I backed away from the door. I had done enough to James. It was time to leave him alone.
A cheer broke out down the hallway. I left the mess as the hall filled with soldiers. I joined the stream, bouncing from officer to officer.
“Sir!” I said. “Sir, what’s going on?”
A major grinned mid-stride. His hand found my shoulder. “It’s about over, son,” he said. “We just punched a hole in the Fed’s lines north of Richmond. We’re taking territory faster than we can secure it!”
“Philadelphia?”
“We’re on our way!”
I eased out of the flood of bodies and into a nearby doorway. The major ran a key card through a reader next to a set of double doors down the hall. He stepped through and before the doors could close, I saw banks of computer screens and the dark silhouettes of soldiers. In the middle of it was Nathan Hill.
“Roe!”
Parker was standing beside an open door. Inside was a small room with a table and two chairs. On the far side of the table was Nat, her wrists cuffed and secured to the table.

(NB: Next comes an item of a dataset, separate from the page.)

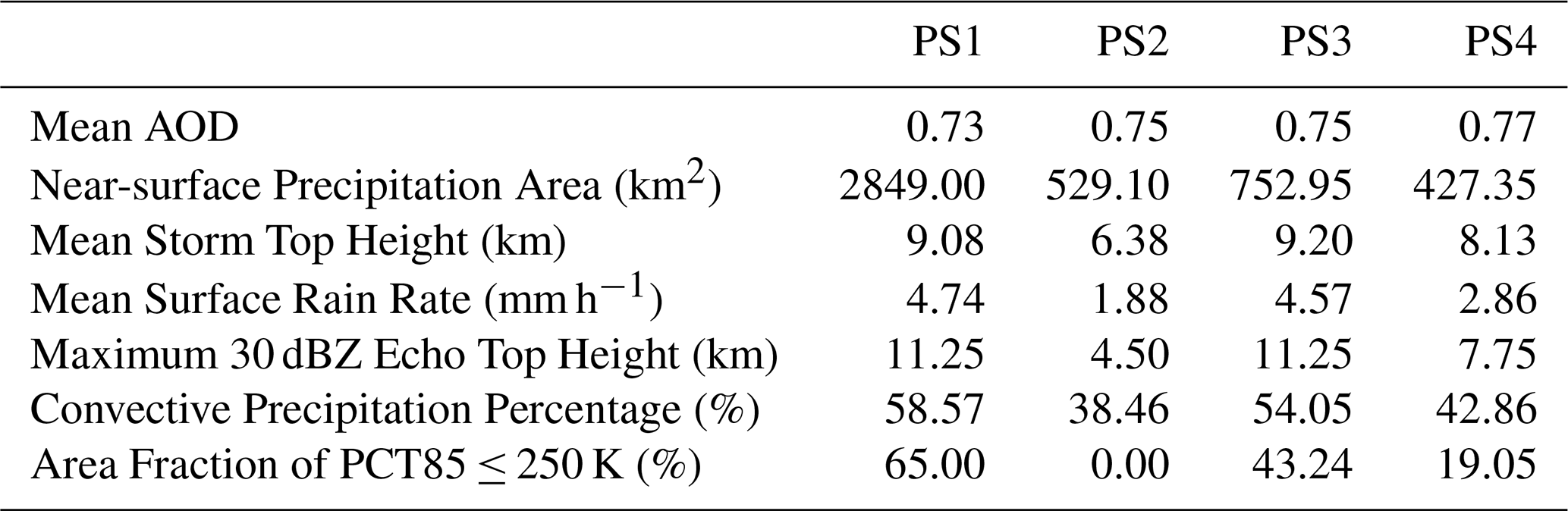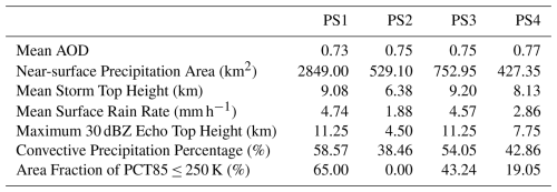 As an example, Fig. 1 shows the spatial distributions of near-surface rain rate and AOD for the 4 PSs that occurred over Atlantic Ocean on 27 February 2008, and their general characteristics are given in Table 2. It can be seen that different PSs are highly variable in terms of the horizontal scale, as well as other properties and dust conditions. For example, PS2 and PS4 have similar horizontal sizes but exhibit noticeable differences in storm top heights and surface rain rates, implying differences in thermodynamic and dynamic conditions, or possibly aerosol effects. In particular, the higher maximum 30 dBZ echo top height and greater convective precipitation percentage in PS4 demonstrate stronger convective intensity, with a greater number of ice-phase particles. Moreover, it is interesting that PS1 and PS3 have different near-surface precipitation areas but similar other properties, such as maximum 30 dBZ echo top height, surface rain rate and convective precipitation percentage, which may be due to their locations in adjacent regions, resulting in relatively consistent background fields and dust aerosol concentrations.

He pushed a notepad and a pen into my hands. “We’ll be recording everything you two say, but we also want a signed confession and details on Fed forces.”
“Yes, sir.”
Nat didn’t look up when I entered the room. She was wearing a gray pair of Path work pants and a gray T-shirt. Her feet were bare. Her skin was waxy-looking, but I couldn’t see bruises on any of the skin that was showing. So far Hill had kept his word. She hadn’t been hurt.
The door shut behind me, and a lock was thrown.

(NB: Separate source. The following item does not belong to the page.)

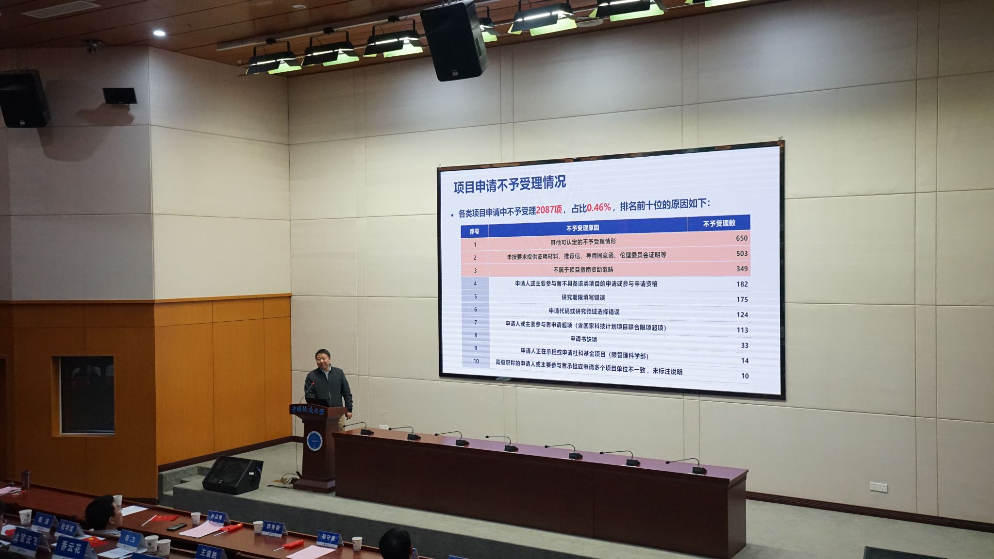 会议邀请科学技术发展院副院长肖平宣讲国家自然科学基金相关政策。肖平副院长讲述了国家自然科学基金2025年全国和我校的项目申请及资助概况,解读了2025国家自然科学基金改革举措。同时,肖平副院长还对2026年国家自然科学基金申请注意事项进行重点提醒,并要求有意申请国家自然科学基金项目的老师务必认真阅读《2026年度项目指南》,精准把握资助方向与申请规范,充分利用寒假集中时间,聚焦核心科学问题,突出研究创新点,完善研究方案与论证逻辑,确保申请材料真实、规范、高质量,为2026年项目申报工作奠定坚实基础。

“You’re a private now,” she said, her brown eyes sunken and dark. “Not bad pay for a job well done.”
I sat down across from her. There was a large black microphone in the center of the table. I pulled the notebook toward me and began to write.

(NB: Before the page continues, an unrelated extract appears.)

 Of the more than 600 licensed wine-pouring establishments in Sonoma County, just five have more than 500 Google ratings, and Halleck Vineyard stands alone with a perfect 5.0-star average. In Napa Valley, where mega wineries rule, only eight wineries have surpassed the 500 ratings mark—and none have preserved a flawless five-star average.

“Do you need water?” I asked, pausing for an answer I knew wasn’t coming. “Something to eat? Are you injured at all?”
I held up the notebook so she had to see it.
Nat looked at the paper without reaction.
“I was able to make a deal with President Hill—”
“President Hill,” she said.
“I explained to him why you did what you did and he’s prepared to forgive you and let you go.”
“You explained why I did it?”
“Yes.”
“And why did I do it, Cal?”
I took the notebook back and started to write. “You were distraught over the deaths of your parents. Like I said, the president decided to be merciful and is willing to let you go. You just have to tell him everything you know about the Federal forces.”
“I don’t know anything about the Federal forces.”
I held up the notebook again.
When I put the paper down, Nat had a thin smile on her face.
“I’m not afraid to die, Cal.”
I scribbled another note.
Nat’s smile vanished. Her chains rattled as she put her hands flat on the table, like she was bracing herself.
“We’re going to win,” I said. “We were always going to win. Keeping things to yourself won’t do you or anyone else any good.”
Nat said nothing.
Nat flexed her hands into fists and then let them go. Her hair hung down in greasy locks along her cheeks. She looked so tired. I wanted more than anything to touch her.
“Their numbers aren’t what you think they are,” Nat said, her voice steady but lifeless. “They have maybe ten or fifteen thousand good fighters left. They moved them all to the front so the Path would assume they must have more in reserve. They’re going to rely heavily on armor and artillery, which they have a lot of. More than the Path.”
Nat took the pen and a sheet of paper from the notebook. Moments later she pushed it back at me.
“Show them that.”
Scrawled on the paper was a rough map of the front, indicating where their artillery was, along with the location of a small airfield and a brigade of armor. The plastic pen clattered to the desktop. We sat there beneath the buzz of the fluorescent lights.
“What else, Cal?”
The microphone was crouched between us like a rat. I wanted so badly for this to be over, to take Nat’s drawing and walk out of the room, but I forced myself to meet her eyes.
“You have to make the Choice, Nat. You have to say the words.”